La cantidad de proteína depende tanto de fabricar mensajes como de destruirlos
Un ARNm puede traducirse muchas veces, pero su vida útil varía desde minutos hasta muchas horas o más. Primero suele acortarse la cola poli-A, después se retira la caperuza y exonucleasas degradan la cadena. Secuencias reguladoras, modificaciones químicas y proteínas de unión ajustan la velocidad. En neuronas y embriones, algunos mensajes viajan a regiones concretas y permanecen silenciosos hasta recibir una señal local.
Medir ARNm revela qué genes están activos, no cuánta proteína funcional existe. Traducción, degradación proteica y modificaciones posteriores pueden separar ambas cifras. La secuenciación de ARN compara miles de transcritos, pero promediar un tejido mezcla tipos celulares. Las técnicas de célula única añaden detalle y también ruido. Interpretar expresión requiere tiempo, tejido, controles y un método compatible con la pregunta.

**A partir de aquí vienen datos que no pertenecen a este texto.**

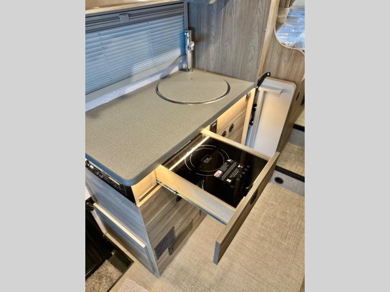 You will love the versatility found throughout this motorhome! Starting with the multifunctional lounge that can convert into four different modes. The flexible wet-dry bath has a pivoting lavatory wall, a 24" x 30" shower, an Oxygenics shower head to wash up, and even robe hooks to hang your towel afterwards. Keep your bellies full with delicious home cooked meals prepared in the versatile galley with the portable single burner induction range top, convection microwave oven, and 5.3 cu. ft. single door 12V refrigerator, plus a galley drawer/counter extension base. The heated gear garage has a L-track cargo tie down system with removable floor liner, 110V/12V charging ports and LED lighting to see clearly day or night!

La célula controla también cuánto ARNm fabrica. Factores de transcripción y estado de la cromatina regulan el acceso al ADN; después, splicing, exportación, localización, traducción y degradación añaden capas. Dos células con el mismo genoma pueden mantener repertorios de mensajes muy distintos y convertirse en neurona o hepatocito. Un pulso breve de ARNm puede desencadenar un cambio duradero si la proteína producida activa otros genes, de modo que mensaje temporal no significa efecto necesariamente breve.
Un mensaje diseñado puede hacer que células produzcan temporalmente una proteína concreta
Las vacunas de ARNm entregan una secuencia sintética dentro de nanopartículas lipídicas. Algunas células la traducen y presentan partes del antígeno, lo que ayuda al sistema inmunitario a aprender. El ARNm no necesita entrar en el núcleo ni integrarse en el ADN para funcionar y se degrada con el tiempo. La plataforma permite cambiar la secuencia, aunque formulación, dosis y conservación siguen siendo desafíos de ingeniería.
También se estudia para producir proteínas terapéuticas, reprogramar respuestas inmunes y editar genes de forma transitoria. Que la molécula sea temporal puede mejorar el control, pero no elimina reacciones inflamatorias ni problemas de entrega. Su importancia básica es todavía mayor: convierte información genética en una orden regulable, transportable y descartable. Entre el archivo del genoma y la actividad de una célula existe una capa dinámica de mensajes.